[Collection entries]
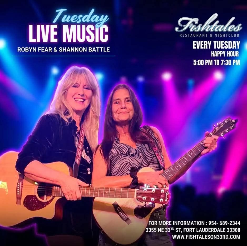 Pictured with soulful singer, songwriter Shannon Battle. Check her music out on all streaming apps and iTunes. We play duos together (including every Tuesday at Fishtales, Ft Lauderdale) regularly and she's so talented! See Shannon Battle & Robyn Fear Music on Facebook.
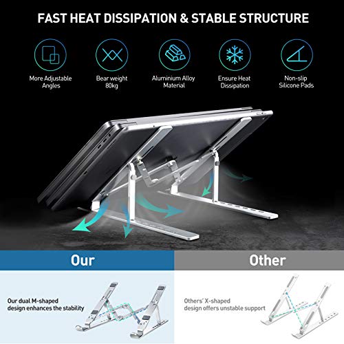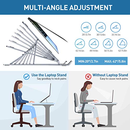 Amoner - حامل لاب توب قابل للتعديل من امونير مصنوع من الألومنيوم ومزود بتهوية للمكتب، متوافق مع جهاز ماك بوك اير برو واتش بي ولينوفو وديل والمزيد من أجهزة اللاب توبات والتابلت بمقاس اقل من 17 بوصة
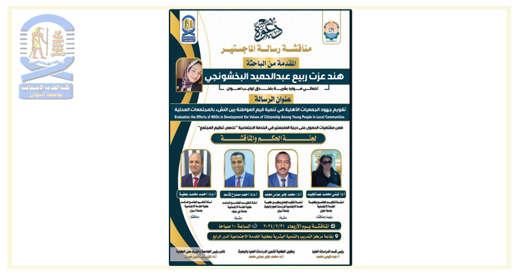 تقرر مناقشة الباحثة/ هند عزت ربيع عبدالحميد البخشونجي- بقسم تنظيم المجتمع مرحلة الماجستير في يوم الأربعاء الموافق ٢٠٢٤/٧/٣١م في...
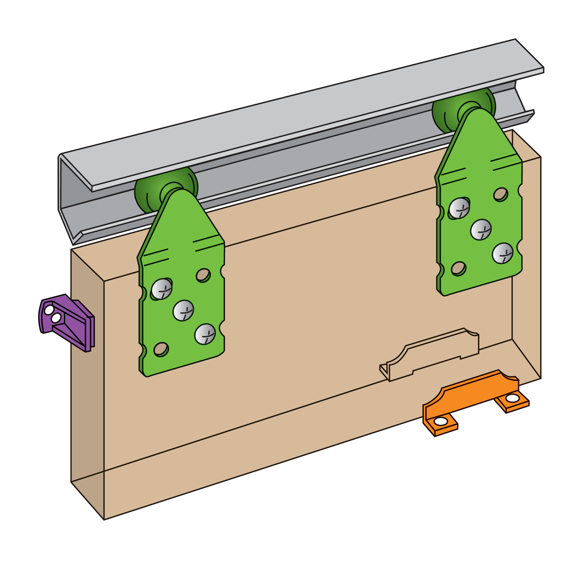 Single Top schuifdeurbeslag is ideaal voor toepassing als kast- en garderobedeur. Een voorgeboorde aluminium rail voor zowel plafond als wandmontage zorgt voor een soepele loop van de hangrollen. De deur kan na montage niet meer uit de rail lopen.
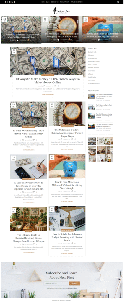 This project demonstrates my ability to build content-rich, community-focused platforms that combine engaging design, technical performance, and strategic content presentation. CuriousPen.online serves as a hub for knowledge sharing and creative expression, reflecting a seamless balance between aesthetics, functionality, and user engagement.
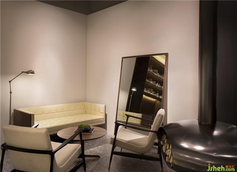 在休息區(qū)特意營造了一種會客廳的氛圍,在質(zhì)地柔軟的沙發(fā)旁搭配精致優(yōu)雅的壁爐,讓客戶能在選眼鏡之余放松一下。
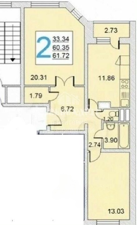 - Общая площадь 60,5 кв.м;

> [WHAT IS REQUIRED]: Nothing but the lines from the one holding "在休息區(qū)特意營造了一" through the final line of the entries should be retyped, exactly as they stand and without pictures.

> [RESULT BELOW]:
 在休息區(qū)特意營造了一種會客廳的氛圍,在質(zhì)地柔軟的沙發(fā)旁搭配精致優(yōu)雅的壁爐,讓客戶能在選眼鏡之余放松一下。
 - Общая площадь 60,5 кв.м;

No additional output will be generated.